Exercise description
In the entries below, find the line with "Het perceel waarop" and the line with "17 SssugarFree Лига". Reproduce those two lines and every line between them exactly, and nothing more.

Records

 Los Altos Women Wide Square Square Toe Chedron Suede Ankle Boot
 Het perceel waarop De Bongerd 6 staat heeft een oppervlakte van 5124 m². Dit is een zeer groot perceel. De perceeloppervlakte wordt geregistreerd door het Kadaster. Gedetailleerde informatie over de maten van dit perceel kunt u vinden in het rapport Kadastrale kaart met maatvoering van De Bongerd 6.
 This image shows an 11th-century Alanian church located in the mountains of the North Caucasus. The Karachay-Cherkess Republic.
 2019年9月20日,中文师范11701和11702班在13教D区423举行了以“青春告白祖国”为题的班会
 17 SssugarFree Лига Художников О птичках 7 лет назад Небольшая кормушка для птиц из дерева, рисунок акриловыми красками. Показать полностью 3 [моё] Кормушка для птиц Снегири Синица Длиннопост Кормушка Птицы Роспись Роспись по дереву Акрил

* * *

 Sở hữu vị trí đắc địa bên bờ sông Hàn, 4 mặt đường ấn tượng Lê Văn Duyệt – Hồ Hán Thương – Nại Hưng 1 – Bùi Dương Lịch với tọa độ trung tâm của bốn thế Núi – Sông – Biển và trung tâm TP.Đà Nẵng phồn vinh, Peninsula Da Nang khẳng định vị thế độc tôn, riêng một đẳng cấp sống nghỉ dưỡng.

Written answer
 Het perceel waarop De Bongerd 6 staat heeft een oppervlakte van 5124 m². Dit is een zeer groot perceel. De perceeloppervlakte wordt geregistreerd door het Kadaster. Gedetailleerde informatie over de maten van dit perceel kunt u vinden in het rapport Kadastrale kaart met maatvoering van De Bongerd 6.
 This image shows an 11th-century Alanian church located in the mountains of the North Caucasus. The Karachay-Cherkess Republic.
 2019年9月20日,中文师范11701和11702班在13教D区423举行了以“青春告白祖国”为题的班会
 17 SssugarFree Лига Художников О птичках 7 лет назад Небольшая кормушка для птиц из дерева, рисунок акриловыми красками. Показать полностью 3 [моё] Кормушка для птиц Снегири Синица Длиннопост Кормушка Птицы Роспись Роспись по дереву Акрил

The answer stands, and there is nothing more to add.